### WORK TO COMPLETE
Find "Se lanseaza VirtualDub" and "Изображения галактик, наблюдаемых" in the records below. Copy the lines holding them and every line between, exactly, and no others.

### DATASET RECORDS
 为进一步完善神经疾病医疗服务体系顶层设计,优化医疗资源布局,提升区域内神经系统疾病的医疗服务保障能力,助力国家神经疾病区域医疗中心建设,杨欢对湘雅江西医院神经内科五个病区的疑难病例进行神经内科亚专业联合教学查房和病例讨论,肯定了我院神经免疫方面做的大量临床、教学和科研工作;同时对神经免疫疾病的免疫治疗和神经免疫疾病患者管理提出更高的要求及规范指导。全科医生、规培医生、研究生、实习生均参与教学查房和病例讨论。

--

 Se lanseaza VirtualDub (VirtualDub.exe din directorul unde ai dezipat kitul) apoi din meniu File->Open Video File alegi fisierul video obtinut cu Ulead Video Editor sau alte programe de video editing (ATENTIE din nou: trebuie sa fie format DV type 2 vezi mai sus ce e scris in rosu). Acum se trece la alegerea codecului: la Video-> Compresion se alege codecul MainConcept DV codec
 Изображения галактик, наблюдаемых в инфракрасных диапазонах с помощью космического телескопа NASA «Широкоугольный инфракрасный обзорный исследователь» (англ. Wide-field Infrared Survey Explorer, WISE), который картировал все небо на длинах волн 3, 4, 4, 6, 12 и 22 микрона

==

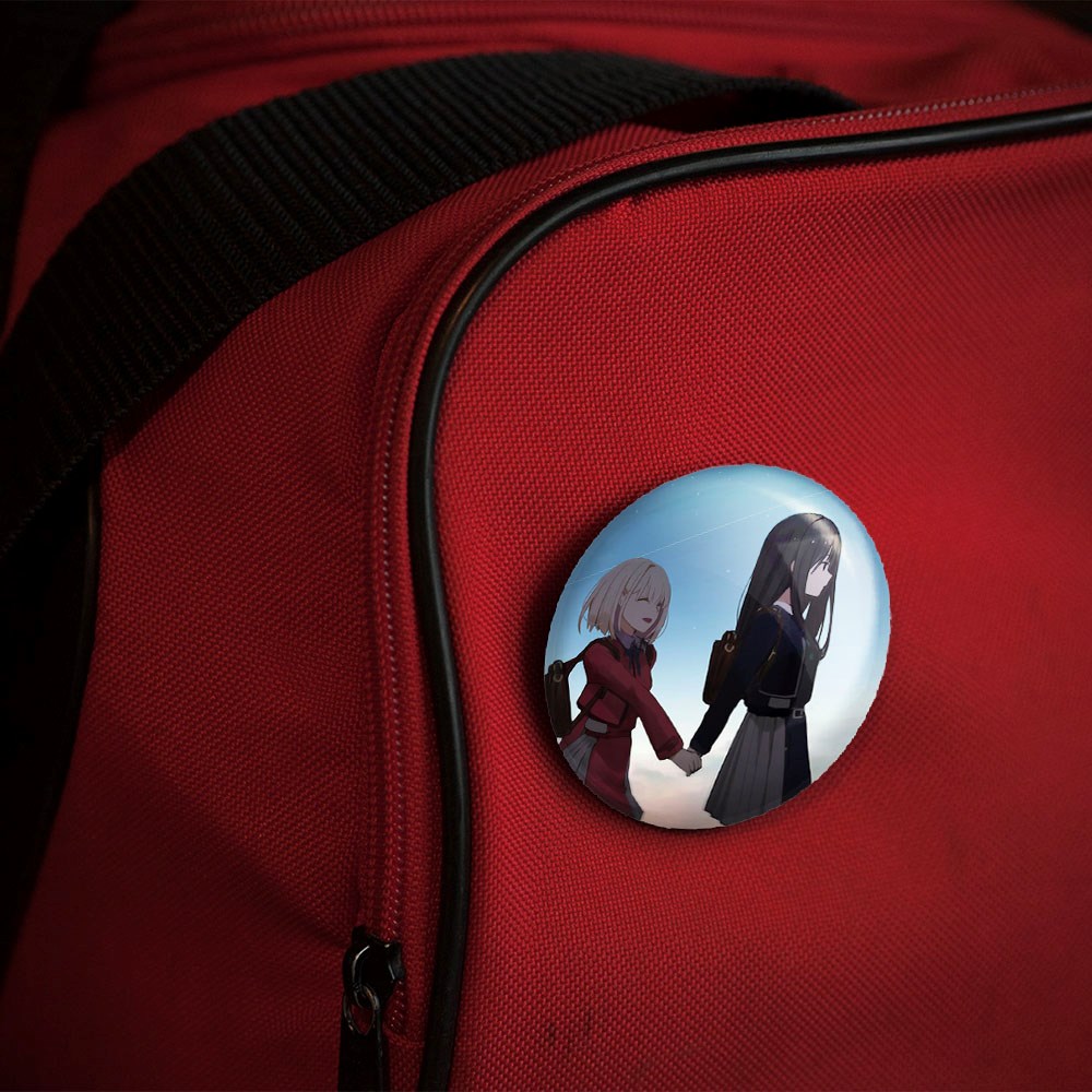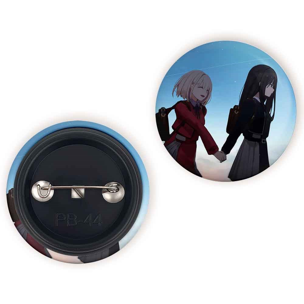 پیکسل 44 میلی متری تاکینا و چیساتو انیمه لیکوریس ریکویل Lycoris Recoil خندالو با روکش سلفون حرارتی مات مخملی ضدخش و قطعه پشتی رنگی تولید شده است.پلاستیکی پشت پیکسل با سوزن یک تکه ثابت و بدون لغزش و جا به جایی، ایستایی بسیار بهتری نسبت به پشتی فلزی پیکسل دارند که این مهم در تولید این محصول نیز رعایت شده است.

### RESPONSE BOX
 Se lanseaza VirtualDub (VirtualDub.exe din directorul unde ai dezipat kitul) apoi din meniu File->Open Video File alegi fisierul video obtinut cu Ulead Video Editor sau alte programe de video editing (ATENTIE din nou: trebuie sa fie format DV type 2 vezi mai sus ce e scris in rosu). Acum se trece la alegerea codecului: la Video-> Compresion se alege codecul MainConcept DV codec
 Изображения галактик, наблюдаемых в инфракрасных диапазонах с помощью космического телескопа NASA «Широкоугольный инфракрасный обзорный исследователь» (англ. Wide-field Infrared Survey Explorer, WISE), который картировал все небо на длинах волн 3, 4, 4, 6, 12 и 22 микрона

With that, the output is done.